SA’s Latest Cheetah is the Fastest Computer in Africa
South Africa’s CSIR has unveiled the fastest computer in Africa, which has been named Lengau, the Setswana for cheetah, it was announced on Tuesday. The Council for Scientific and Industrial Research’s Centre for High Performance Computing showed off the petaflops (PFLOPs) machine in Cape Town. “This is a supercomputer with processing speed capable of a thousand-trillion […]
South Africa’s CSIR has unveiled the fastest computer in Africa, which has been named Lengau, the Setswana for cheetah, it was announced on Tuesday.
The Council for Scientific and Industrial Research’s Centre for High Performance Computing showed off the petaflops (PFLOPs) machine in Cape Town.
“This is a supercomputer with processing speed capable of a thousand-trillion floating point operations per second,” the CSIR said in a statement. “Floating point operations or flops are used in computing to calculate extremely long numbers.”

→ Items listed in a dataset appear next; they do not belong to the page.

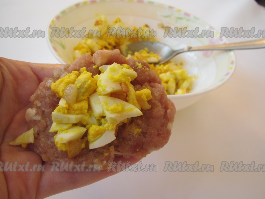 Формируем зразы, для этого на ладони нужно распластать немного мясного фарша, выложить на середину часть яично-луковой начинки и слепить фарш над начинкой, тщательно скрепляя по краям.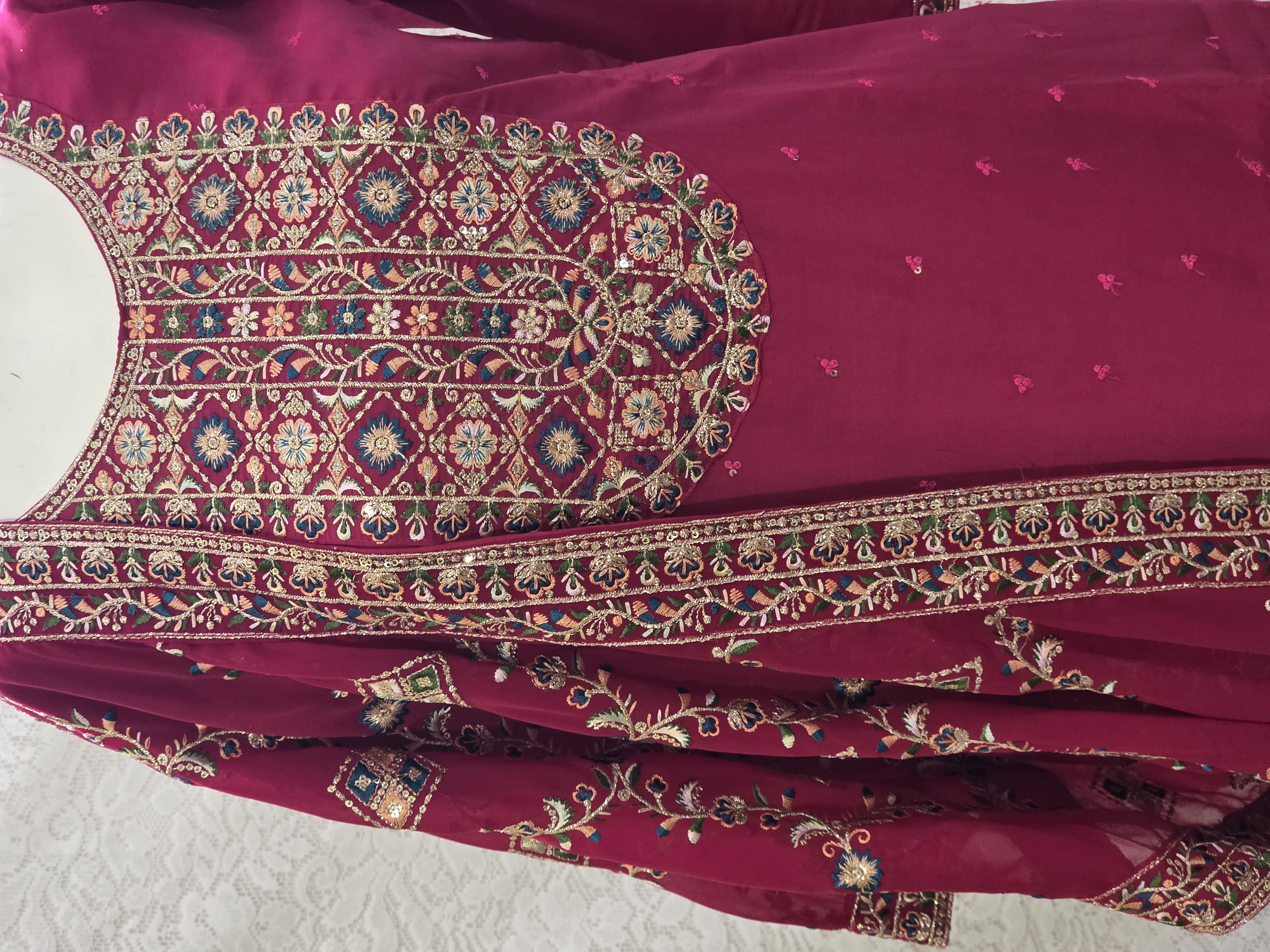 A female model elegantly showcases a deep magenta salwar kameez with intricate gold embroidery and a matching dupatta.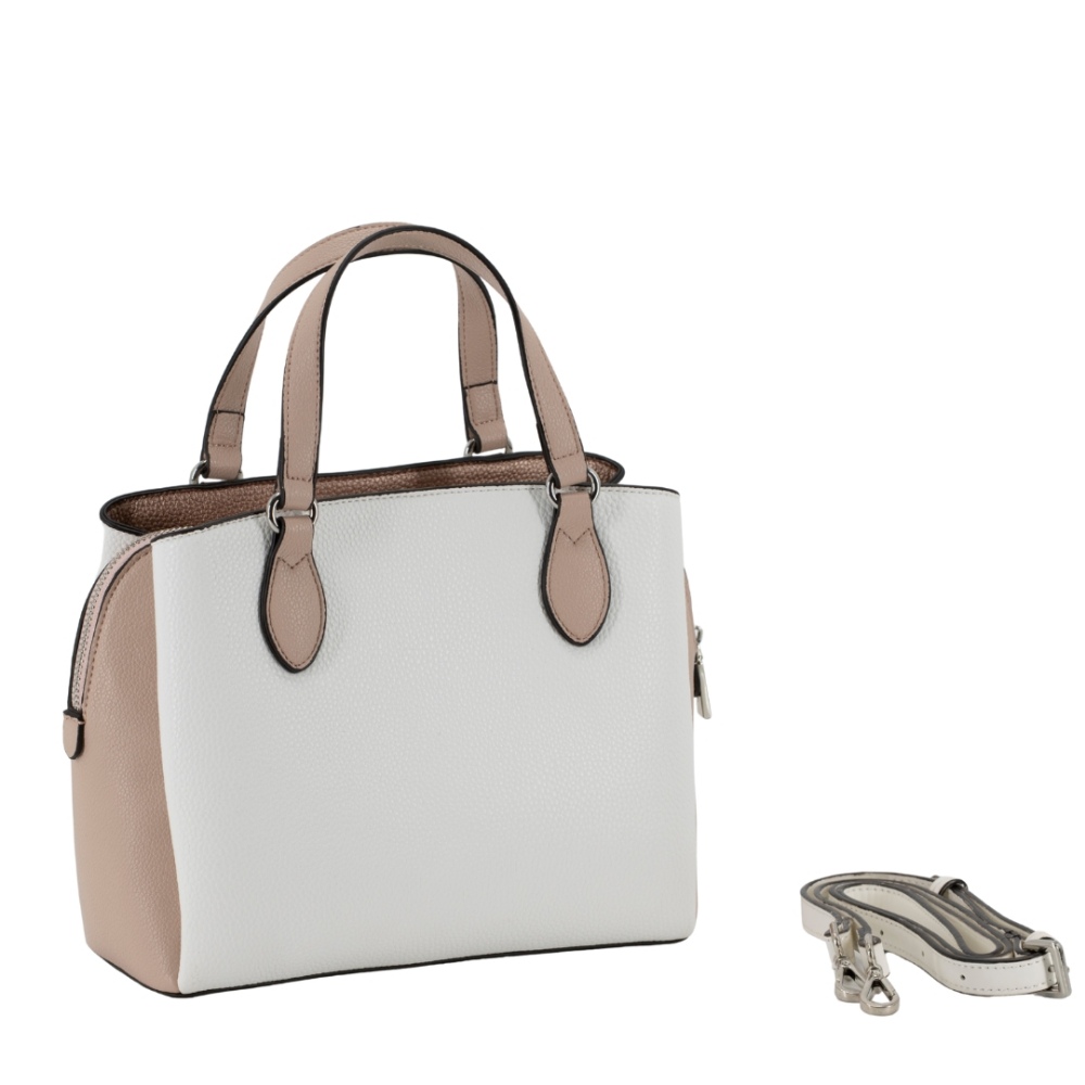 Bandolera de tamaño mediana en tonos blanco y castaño, con la bandolera de asa regulable. Dispone de dos asas cortas , cierre en cremallera, tiradores personalizados y varios bolsillos en el interior.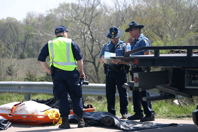 KANSAS CITY, Missouri (AP) –Một thiếu niên 17 tuổi với bằng lái giới hạn là người lái chiếc xe chở khách bị rớt xuống gầm cầu ở gần Kansas City sáng hôm Chủ Nhật, làm chết 5 người cùng trong gia đình của cậu từ Minnesota. Giới chức thẩm quyền chuyển các xác chết trong tai nạn xe rớt xuống gầm cầu, từ khe nước lên mặt đường xa lộ, gần Kansas City. (Hình: AP/Jeanny Sharp)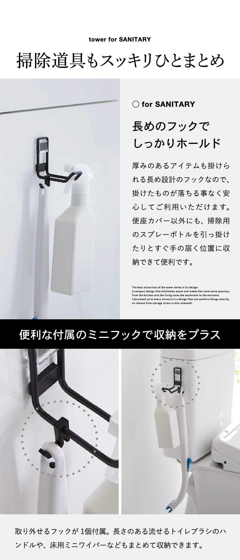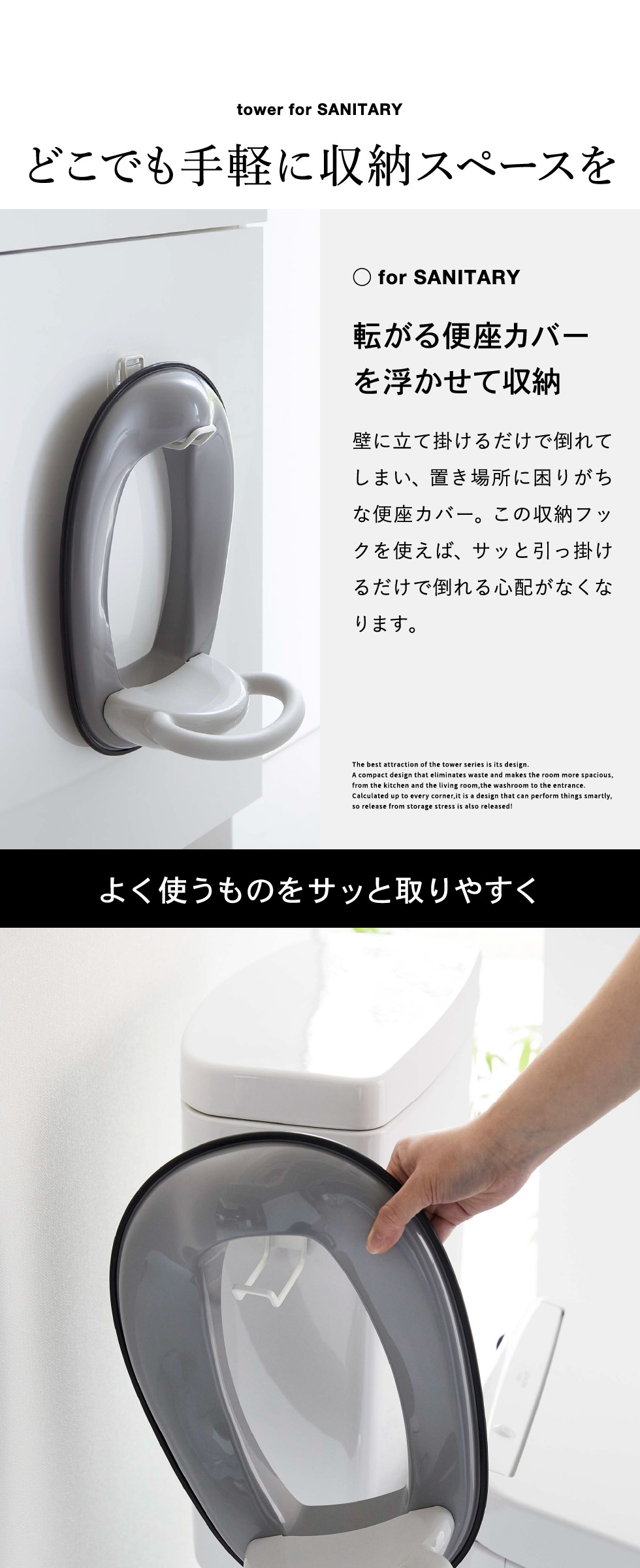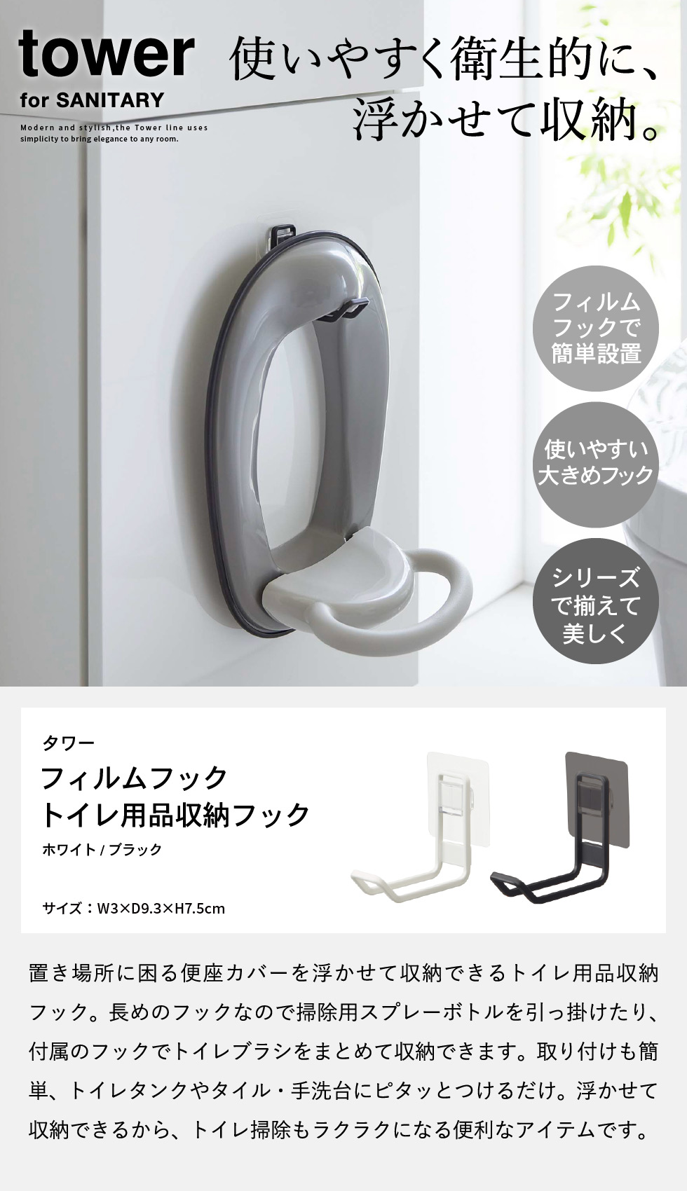 置き場所に困る便座カバーを浮かせて収納できるトイレ用品収納フック。長めのフックなので掃除用スプレーボトルを引っ掛けたり、付属のフックでトイレブラシをまとめて収納できます。取り付けも簡単、トイレタンクやタイル・手洗台にピタッとつけるだけ。浮かせて収納できるから、トイレ掃除もラクラクになる便利なアイテムです。

The Dell computer’s speed of roughly one petaflops (1000 teraflops) is 15 times faster than its predecessor, which was named Tsessebe, Setswana for antelope, according to the CSIR, which added that Tsessebe ranked 311 on the world’s top 500 supercomputers.
Dr Happy Sithole, the director of CHPC, said: “When we started in 2007, we took inspiration from the fastest animals in the land and named our first high performance computing system iQudu (Xhosa for Kudu) which boasted 2.5 teraflops (which is 2.5 trillion operations per second).”
“For our country to grow at the required rate, as set out in the National Development Plan, it needs to change gear by building capacity in the production and dissemination knowledge,” Dr Thomas Auf der Heyde, deputy director general of research development and support at the Department of Science and Technology, said at the launch.
“The CHPC represents a deliberate move by this country to invest in modernising our research and development. High-performance computing and advanced data technologies are powerful tools in enhancing the competiveness of regions and nations,” he said.
The Dell HPC system is comprised of 1,039 Dell PowerEdge servers, based on Intel Xeon processors totalling 19 racks of compute nodes and storage. It has a total Dell Storage capacity of five petabytes, and uses Dell Networking ethernet switches and Mellanox EDR InfiniBand with a maximum interconnect speed of 56 GB/s.